On October 22, 2019, the game received new DLC by way of a spin-off comic book series in conjunction with Behemoth Comics. The books are periodically released digitally on Steam individually or in a bundle with the game.

== Reception ==

Aggregate score
| Aggregator | Score |
|---|---|
| Metacritic | 43/100 |

Review scores
| Publication | Score |
|---|---|
| Destructoid | 5.5/10 |
| Game Informer | 5.5/10 |
| GameSpot | 3/10 |
| PC Gamer (US) | 48/100 |
| IGN (Italy) | 6/10 |
| IGN (Spain) | 5.5/10 |
| Metro | 3/10 |
| Shacknews | 3/10 |
| Softpedia | 4/5 |
| Toronto Sun | 2/5 |

=== Pre-release ===
Several video game press outlets responded negatively to the game's announcement trailer, particularly in condemnation of its "portrayal of wanton violence". Polygons Colin Campbell wrote that the site's staff responded to the game's first trailer "with genuine revulsion". They described the trailer as "grisly", "extremely violent, and very tacky". PC Magazines David Murphy wrote to "get ready for the backlash about the ultra-violent shooter ... if this game is ever released". He compared the game to Manhunt, Postal, and Mortal Kombat—other video games considered controversial for their amount of violence—and felt that Hatred "will generate just as much controversy". The trailer attracted defense of the game's right to freedom of expression, but Polygon reported that no outlet requested censorship of the game.

Rafał Pankowski, sociologist and co-founder of the "Never Again" Association, analyzed the political associations of the development team, which according to Pankowski shows many connections to the radical right.

Polygons Ben Kuchera wrote that the trailer was a "rhetorical failure" in that it attempted to shock viewers, but ultimately reflected the 1990s "shock culture" aesthetic.

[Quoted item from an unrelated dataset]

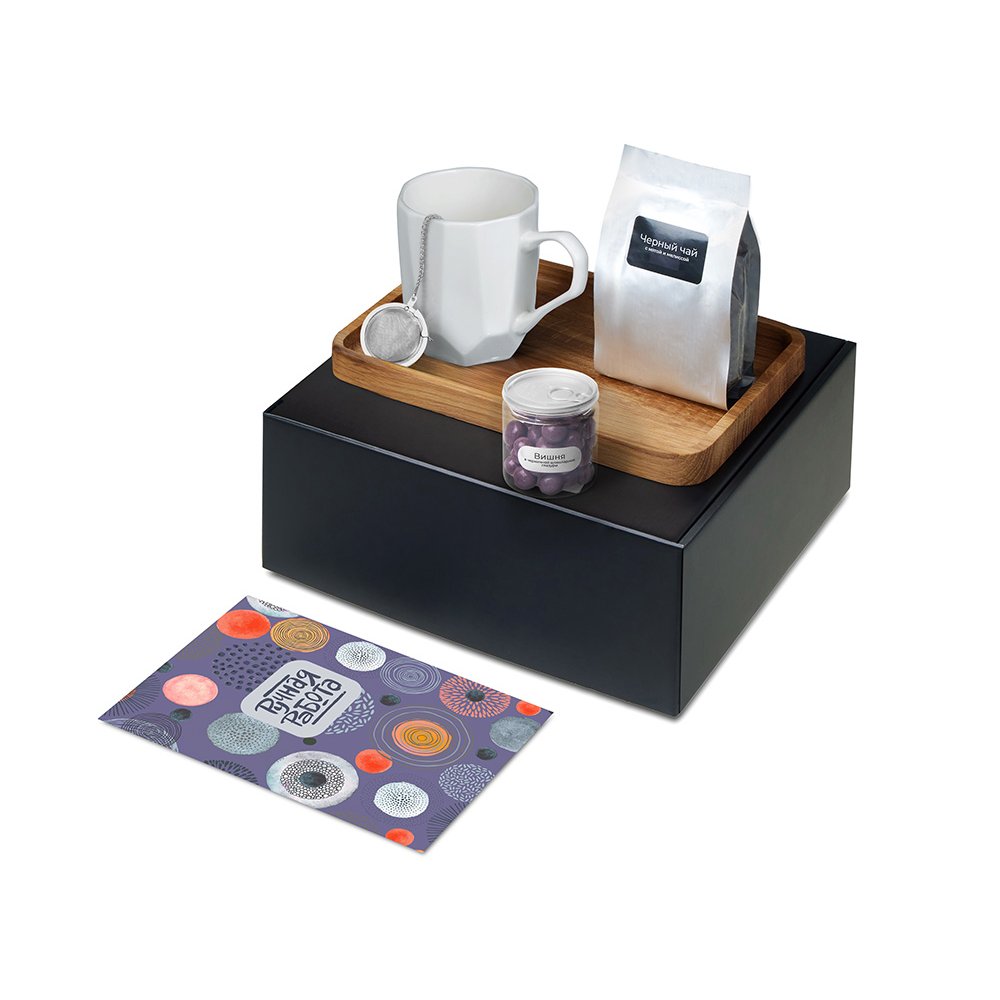 - Кружка костяной фарфор/чай пластик/ситечко для чая нержавеющая сталь/поднос дуб/мешок нетканый материал (спанбонд)/коробка картон

In response, Zieliński said that the trailer's "so called 'shock tactic' [did] its job very well", and added that the industry reaction to the trailer reflected the political correctness—"the way we are told and taught to think"—that the game's existence sought to oppose. When questioned about links between the company and the right-wing nationalist group Polska Liga Obrony (Polish Defence League) based on a public Facebook like, Destructive Creations responded that they did not support the organization, were against "totalitarian ideologies", and appreciated the publicity despite its malevolence.

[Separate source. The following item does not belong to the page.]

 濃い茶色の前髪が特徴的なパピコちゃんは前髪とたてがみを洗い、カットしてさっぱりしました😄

The second trailer, titled Devastation, received similar criticism, with Polygon calling it "just as vicious and cynical as the first trailer". The Guardian, Rock, Paper, Shotgun and Kotaku described Hatred as a "mass murder simulator".

=== Post-release ===
Hatred received generally negative reviews. It holds an aggregated score of 43/100 on Metacritic based on 46 reviews.

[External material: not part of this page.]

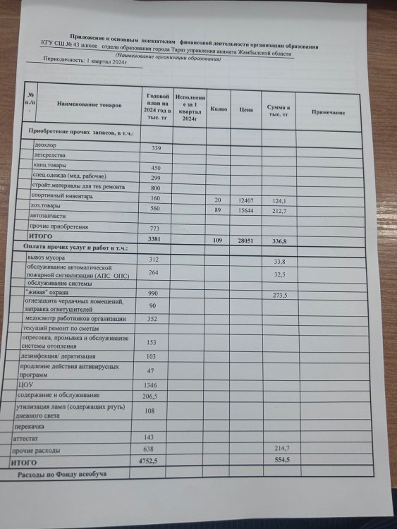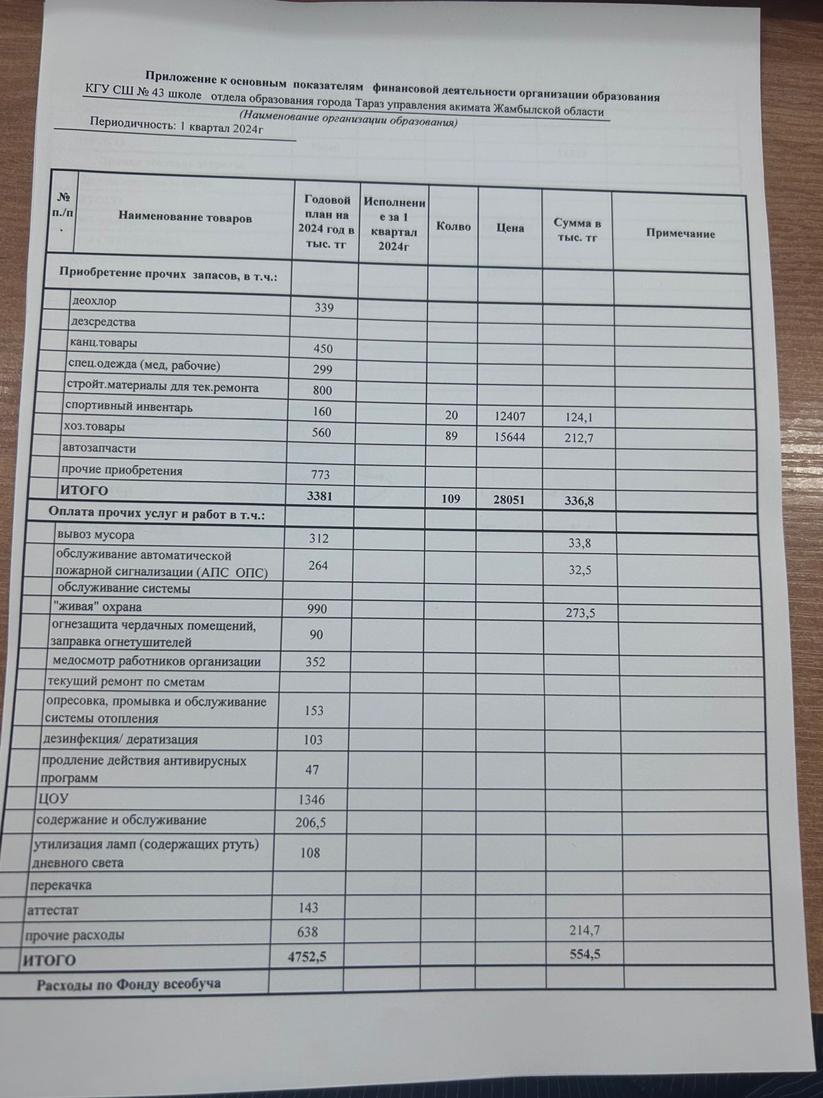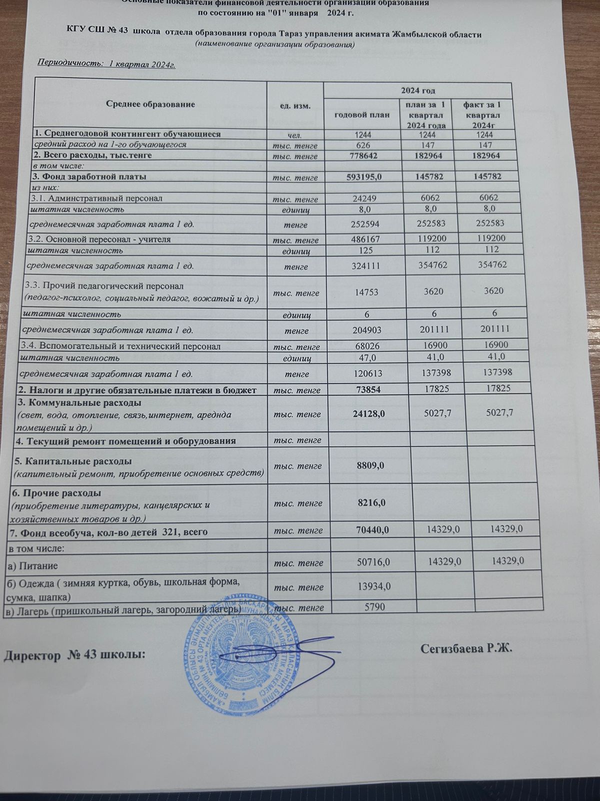 Ашық бюджет 1 квартал 2024 жылдың » 43 орта мектебі

GameSpot gave Hatred a score of 3 out of 10, noting that the game's novelty wore off quickly due to a lack of variation or "thrilling five-star moment[s]", and concluding that "the fact that the final product fails even to be worth a primal psychotic scream of victory against society at large for the people it might encourage means it laughably fails even at being dangerous." Similarly, James Stephanie Sterling, while criticizing the tone, concluded that "worse than that—we got a damn boring game". Rock, Paper, Shotgun said that "Hatred fails in every way", stating that the game falls short in terms of entertainment, technical competence, and "to be a controversial, shocking experience". Chris Carter of Destructoid was also critical of one-note gameplay while noting several technical issues.

Softpedia praised the game's mechanics, calling the game "a good twin-stick shooter that manages to offer an interesting experience only through the actual theme". IGN Italy praised the game's shooting mechanics and visuals component, but criticized its repetitiveness and poor artificial intelligence; likewise IGN Spain praised the game's visuals and scenario's destructibility but panned its A.I. and poor plot.

Upon launch, Hatred quickly became a best seller on Steam, and as of February 2026, it holds a "Very Positive" response on the site.